— Excerpted data —
▬▬▬

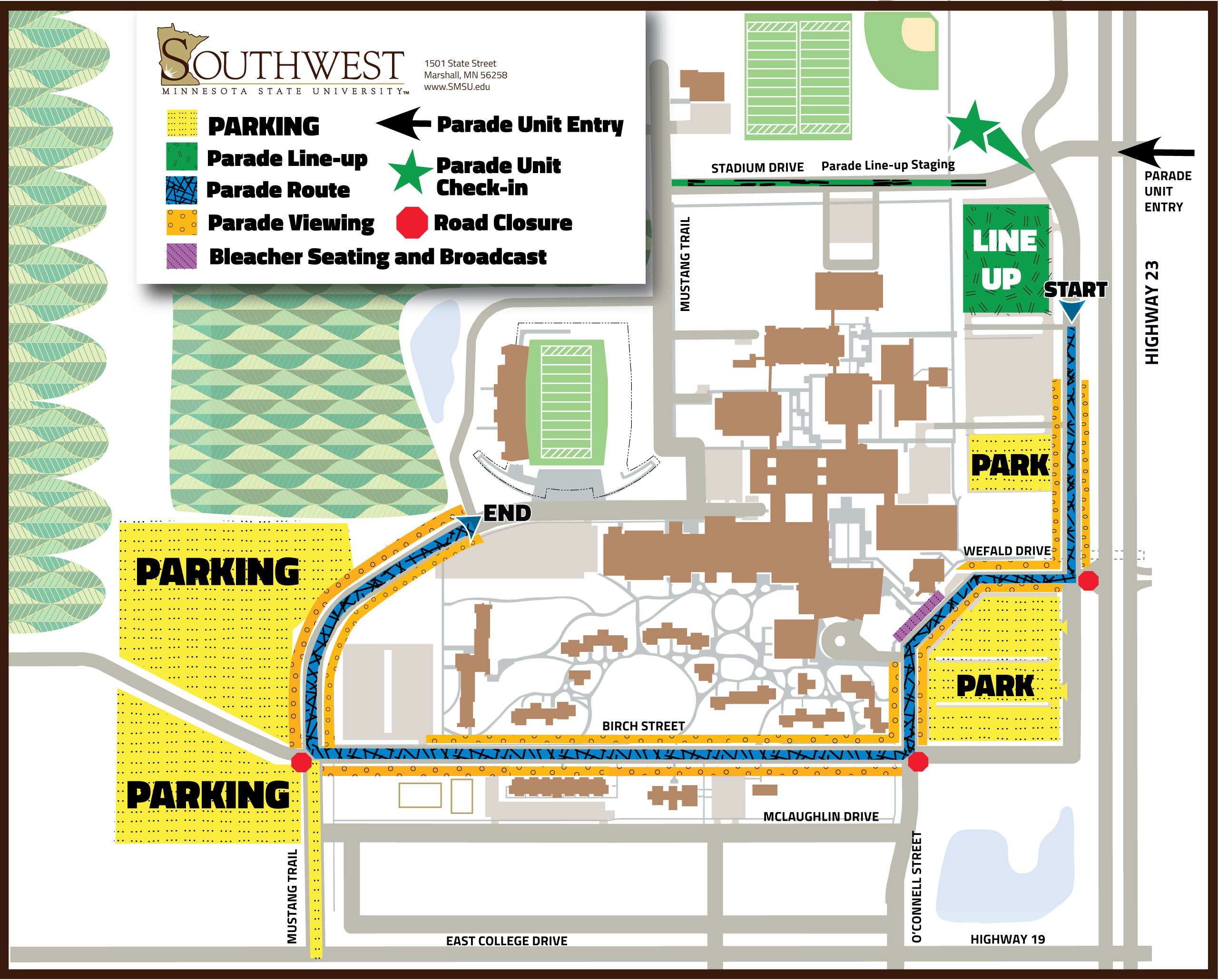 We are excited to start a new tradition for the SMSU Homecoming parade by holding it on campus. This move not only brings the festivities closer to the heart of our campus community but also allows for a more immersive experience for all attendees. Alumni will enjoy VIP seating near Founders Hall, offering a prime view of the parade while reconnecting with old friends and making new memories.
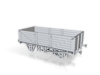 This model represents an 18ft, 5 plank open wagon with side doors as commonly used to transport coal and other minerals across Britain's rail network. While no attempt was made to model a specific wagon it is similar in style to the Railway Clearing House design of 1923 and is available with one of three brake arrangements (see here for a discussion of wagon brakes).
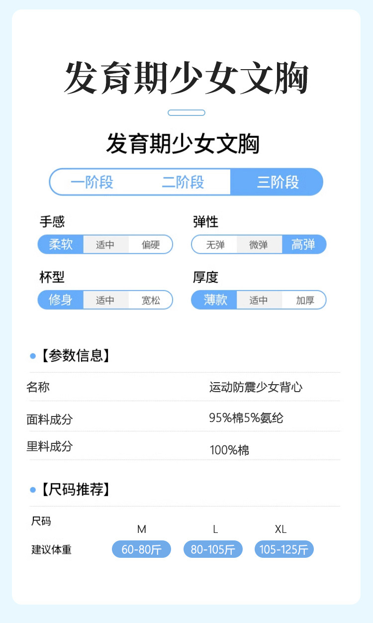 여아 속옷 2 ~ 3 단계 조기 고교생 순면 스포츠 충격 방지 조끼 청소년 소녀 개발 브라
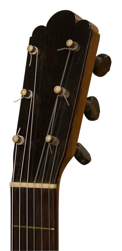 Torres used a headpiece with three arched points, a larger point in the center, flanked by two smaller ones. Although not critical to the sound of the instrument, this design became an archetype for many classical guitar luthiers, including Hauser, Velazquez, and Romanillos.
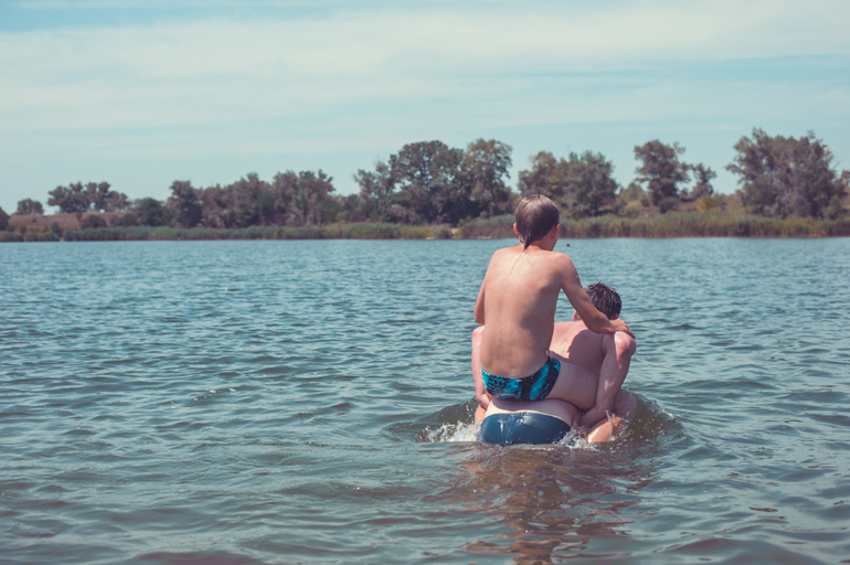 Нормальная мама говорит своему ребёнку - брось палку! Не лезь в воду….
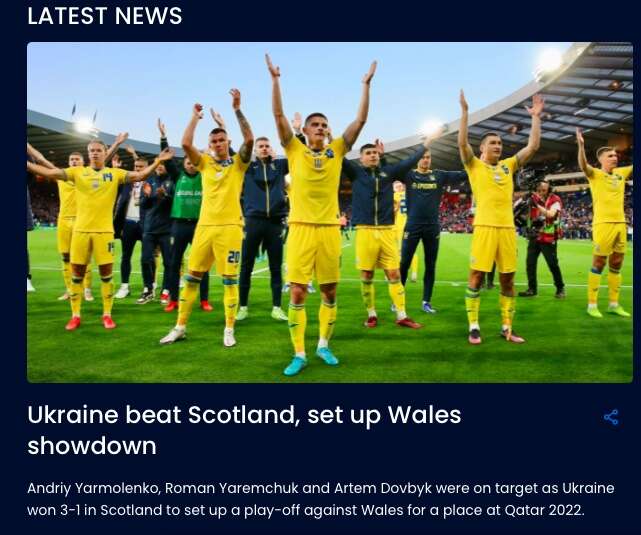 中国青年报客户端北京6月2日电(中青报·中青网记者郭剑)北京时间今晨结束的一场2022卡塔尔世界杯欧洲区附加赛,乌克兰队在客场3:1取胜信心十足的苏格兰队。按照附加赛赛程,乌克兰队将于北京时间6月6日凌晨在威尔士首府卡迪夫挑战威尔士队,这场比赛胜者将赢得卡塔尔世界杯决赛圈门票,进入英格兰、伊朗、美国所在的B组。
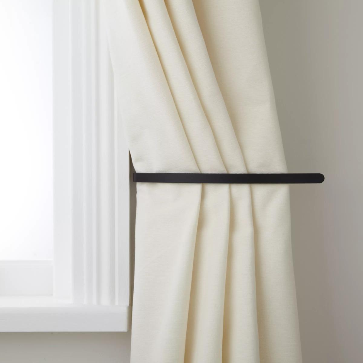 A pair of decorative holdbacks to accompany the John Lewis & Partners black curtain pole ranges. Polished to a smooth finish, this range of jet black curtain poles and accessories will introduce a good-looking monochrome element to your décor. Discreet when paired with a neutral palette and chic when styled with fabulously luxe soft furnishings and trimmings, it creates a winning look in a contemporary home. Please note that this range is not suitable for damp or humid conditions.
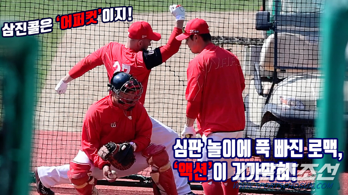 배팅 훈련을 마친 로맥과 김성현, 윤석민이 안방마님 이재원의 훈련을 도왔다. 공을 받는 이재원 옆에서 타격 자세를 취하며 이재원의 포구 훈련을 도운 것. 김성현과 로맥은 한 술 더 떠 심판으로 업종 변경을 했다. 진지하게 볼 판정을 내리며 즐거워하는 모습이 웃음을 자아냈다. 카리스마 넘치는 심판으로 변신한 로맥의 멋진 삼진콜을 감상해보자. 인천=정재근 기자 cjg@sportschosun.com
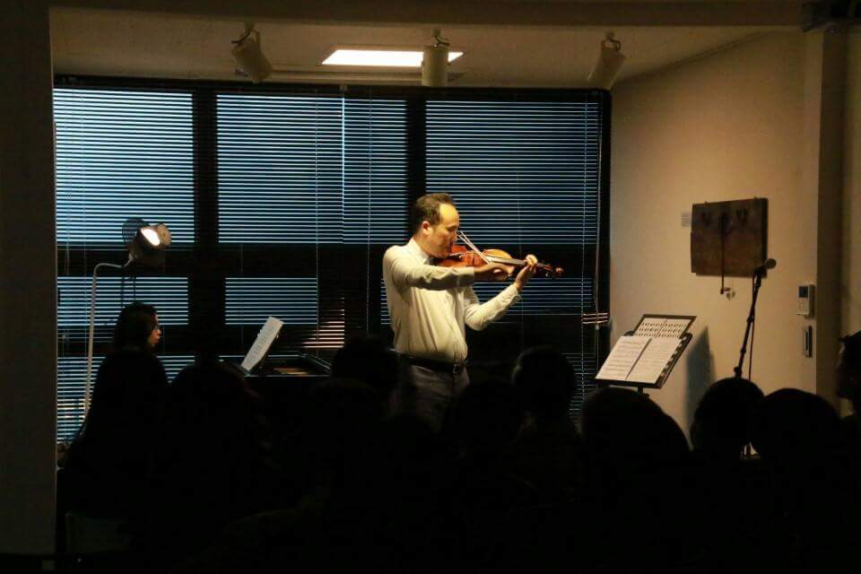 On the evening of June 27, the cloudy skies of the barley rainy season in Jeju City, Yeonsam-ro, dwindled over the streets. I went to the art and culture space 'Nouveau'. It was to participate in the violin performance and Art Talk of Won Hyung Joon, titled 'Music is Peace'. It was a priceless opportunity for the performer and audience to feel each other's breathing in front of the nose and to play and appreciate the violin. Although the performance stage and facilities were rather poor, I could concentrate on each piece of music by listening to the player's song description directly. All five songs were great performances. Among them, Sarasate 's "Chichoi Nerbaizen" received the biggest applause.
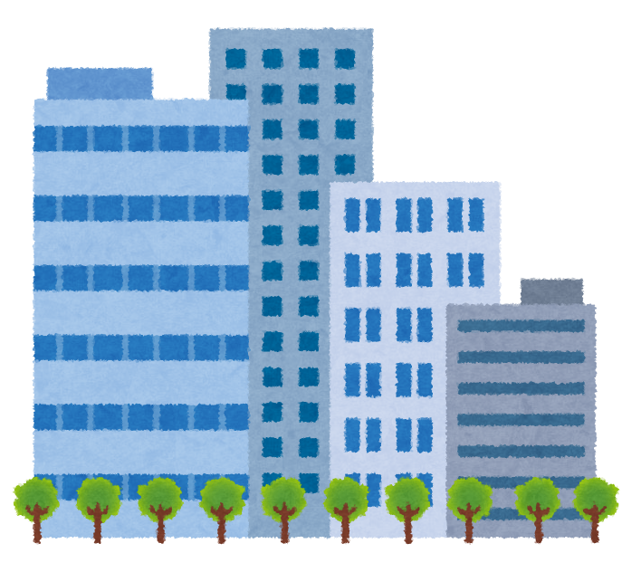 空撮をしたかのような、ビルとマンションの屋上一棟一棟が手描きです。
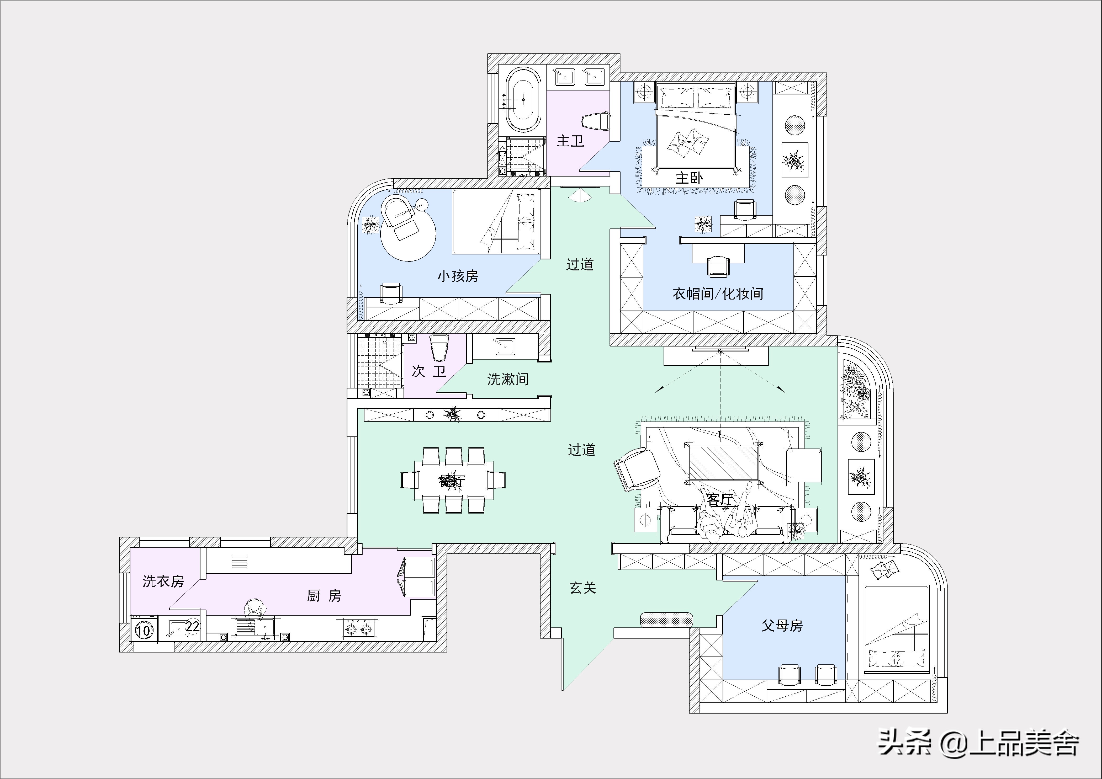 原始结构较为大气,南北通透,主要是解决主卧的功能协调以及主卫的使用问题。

▬▬▬

— Activity —
Leave out the pictures and return the rest of the records exactly.

— Result —
 We are excited to start a new tradition for the SMSU Homecoming parade by holding it on campus. This move not only brings the festivities closer to the heart of our campus community but also allows for a more immersive experience for all attendees. Alumni will enjoy VIP seating near Founders Hall, offering a prime view of the parade while reconnecting with old friends and making new memories.
 This model represents an 18ft, 5 plank open wagon with side doors as commonly used to transport coal and other minerals across Britain's rail network. While no attempt was made to model a specific wagon it is similar in style to the Railway Clearing House design of 1923 and is available with one of three brake arrangements (see here for a discussion of wagon brakes).
 여아 속옷 2 ~ 3 단계 조기 고교생 순면 스포츠 충격 방지 조끼 청소년 소녀 개발 브라
 Torres used a headpiece with three arched points, a larger point in the center, flanked by two smaller ones. Although not critical to the sound of the instrument, this design became an archetype for many classical guitar luthiers, including Hauser, Velazquez, and Romanillos.
 Нормальная мама говорит своему ребёнку - брось палку! Не лезь в воду….
 中国青年报客户端北京6月2日电(中青报·中青网记者郭剑)北京时间今晨结束的一场2022卡塔尔世界杯欧洲区附加赛,乌克兰队在客场3:1取胜信心十足的苏格兰队。按照附加赛赛程,乌克兰队将于北京时间6月6日凌晨在威尔士首府卡迪夫挑战威尔士队,这场比赛胜者将赢得卡塔尔世界杯决赛圈门票,进入英格兰、伊朗、美国所在的B组。
 A pair of decorative holdbacks to accompany the John Lewis & Partners black curtain pole ranges. Polished to a smooth finish, this range of jet black curtain poles and accessories will introduce a good-looking monochrome element to your décor. Discreet when paired with a neutral palette and chic when styled with fabulously luxe soft furnishings and trimmings, it creates a winning look in a contemporary home. Please note that this range is not suitable for damp or humid conditions.
 배팅 훈련을 마친 로맥과 김성현, 윤석민이 안방마님 이재원의 훈련을 도왔다. 공을 받는 이재원 옆에서 타격 자세를 취하며 이재원의 포구 훈련을 도운 것. 김성현과 로맥은 한 술 더 떠 심판으로 업종 변경을 했다. 진지하게 볼 판정을 내리며 즐거워하는 모습이 웃음을 자아냈다. 카리스마 넘치는 심판으로 변신한 로맥의 멋진 삼진콜을 감상해보자. 인천=정재근 기자 cjg@sportschosun.com
 On the evening of June 27, the cloudy skies of the barley rainy season in Jeju City, Yeonsam-ro, dwindled over the streets. I went to the art and culture space 'Nouveau'. It was to participate in the violin performance and Art Talk of Won Hyung Joon, titled 'Music is Peace'. It was a priceless opportunity for the performer and audience to feel each other's breathing in front of the nose and to play and appreciate the violin. Although the performance stage and facilities were rather poor, I could concentrate on each piece of music by listening to the player's song description directly. All five songs were great performances. Among them, Sarasate 's "Chichoi Nerbaizen" received the biggest applause.
 空撮をしたかのような、ビルとマンションの屋上一棟一棟が手描きです。
 原始结构较为大气,南北通透,主要是解决主卧的功能协调以及主卫的使用问题。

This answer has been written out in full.